OOP Etgar 2008 – Recitation 938 Exception Propagation Notice that a try - catch block only needs to handle exceptions it knows how to “fix”. Anything is doesn’t handle propagates to the caller of that function. When exception tries to propagate out of main(), the STL terminate() function is called, which by default calls abort().

OOP Etgar 2008 – Recitation 939 Exception Declaration The () part in catch is called exception declaration. It can be either type declaration or an object declaration. …catch (popOnEmpty) {// Type declaration cout << "Caught popOnEmpty\n"; } catch (pushOnFull e) {// Object declaration cout << e.val() << " cannot be pushed\n"; } In object declaration the exception object that was thrown is given a name and can be accessed. This allows the exception object to carry additional information about the error.

OOP Etgar 2008 – Recitation 940 Catching Everything If someone ( main(), for example) wants to handle any exception that can be thrown, it can use catch(...) : try { //… } catch (...) { cout << "Unknown exception occurred\n"; } Obviously, it should come last in the list of catch es.

OOP Etgar 2008 – Recitation 941 Catching by Reference Exception declaration is much like function parameter list. In particular, we can catch exception objects by reference: …catch (pushOnFull& e) {…} Otherwise the exception object is passed by-value into the catch clause. Using “catch-by-reference”: –Prevents unnecessary copying; –Allows changing the exception object; –Permits polymorphism.

OOP Etgar 2008 – Recitation 942 Exception Specification How do we know which function throws exceptions and what types? Function exception specification is a comma- separated list of exceptions the function might throw. int Stack::pop() throw(popOnEmpty); void Stack::push(int) throw(pushOnFull); This list is checked at runtime – if the function throws unspecified exception, the STL unexpected() function is called (which by default calls terminate() ). Exception specification is part of functions interface: int Stack::pop() {// Err, must match declaration

OOP Etgar 2008 – Recitation 943 Stack Unwinding When an exception is thrown, the calling functions exit one after another until a handler is found. During this process all the objects that were defined on stack (local – also called automatic – variables in these functions) are properly destroyed.
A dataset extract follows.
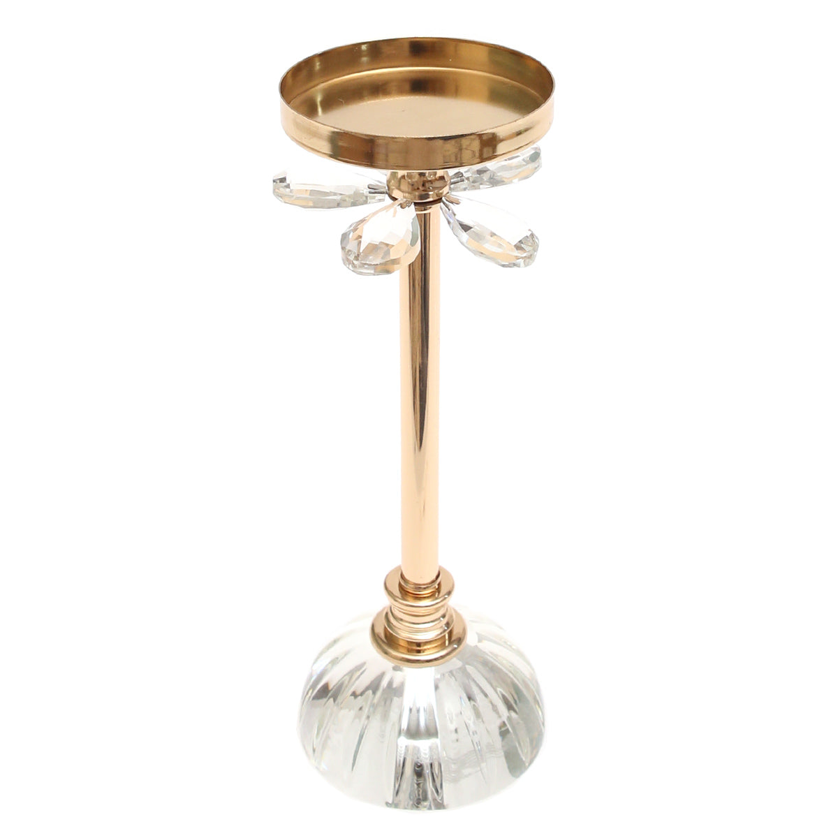 Crafted from gold-finished metal with crystal-style accents and a solid glass base. Ideal for holding pillar candles and enhancing ambient lighting in luxurious interior settings.

This is called stack unwinding.

OOP Etgar 2008 – Recitation 944 Rethrow If a handler doesn’t know how to fully recover from an exception, it can rethrow it (after doing what it wanted). This is done by throw; …catch (popOnEmpty e) { cout << "Can't pop"; throw; } The object rethrown is the original exception object (not the copy in catch ).

OOP Etgar 2008 – Recitation 945 Exception Hierarchies Since exceptions are objects, we can build exceptions hierarchies. For example, a base class Exception, subclasses StackException and MathException, and two subclasses for StackExceptions – popOnEmpty and pushOnFull. All rules applying to base and derived apply here (catching derived instead of base, virtual functions with “catch-by- reference”, etc.)

OOP Etgar 2008 – Recitation 946 Constructors and Destructors Constructor can (and should) signal an error by throwing an exception. –In this case all data members and base class subobjects constructed so far are properly destroyed. Destructor should never throw (or let out) an exception. –Destructors are called during stack unwinding, and if it throws another exception (thus two exceptions will be active simultaneously), terminate() is called.